Unable to write this code properly in eclispe
So I have a small project which needs me to make an array with size of 20 and take 20 inputs and then check if all of them are equal using "for" loop. If it is equal it prints equal else it prints broken. I will link the code. Try and run it in and tell me what to change to make it work. Since it's 20 numbers we cant manually check them all so I used the "for(i=0;i<=19;i++)" loop but it isnt working like i intended I used "repeat" to count the number of times it is sucessfully equal and if all no. are equal then the value of repeat will be 20 and then we will check if repeat is 20. if true then all are equal else its not equal the problem is for loop only seems to execute once and so the value of repeat only increases once.
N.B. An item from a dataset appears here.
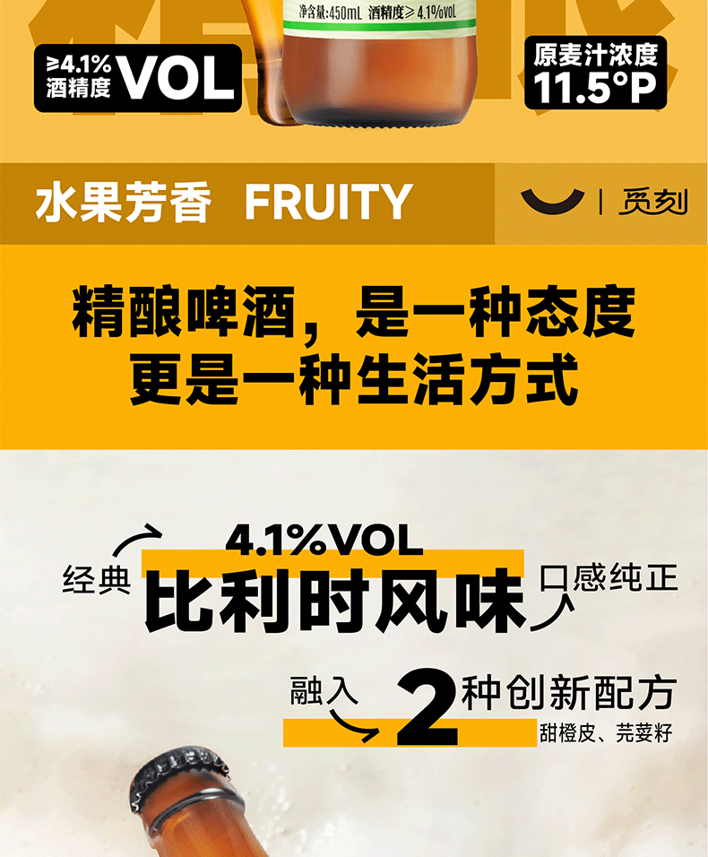 觅刻比利时小麦精酿白啤酒全麦原浆水果香450ml*12瓶浓郁麦香口感丰富

5/6/2019 12:19:46 PMkuku Debbarma
6 AnswersNew Answer
kuku Debbarma You are incrementing the value of i twice, first in num[i++] then as a part on loop increment.So loop will terminate after 10 iteration fix start repeat = 0 loop exit condition should be i<19 if statement if (num[i] == num[i+1] i < 19 not i <= 19 because you are comparing 2 elements at a time. For i = 19, i +1 becomes 20 causing exception, since the highest valid index of array is 19
~ swim ~ i just corrected the loop. Turns out I forgot to edit it after changing the number of integers the array holds but still didn't solve the problem :(
When you do: i = 5; print (num[i++]); It prints num and then add to i so i = 6. Correct code: https://code.sololearn.com/cX4F6GTJ7Ens/?ref=app
Maneren ty for that will definitely give it a look rn
https://code.sololearn.com/cctKuIXRL3aM/?ref=app Here is the codd
kuku Debbarma Your loop exit condition is i<=3 so it should exit after 4 iterations, but since you are doing i++ inside if, the loop will terminate after 2 iterations The value of repeat will never reach 20. hence if condition after loop fails and prints broken Also remember array indexing starts from 0. And trying to access value beyond the size (no of elements) will result in exception.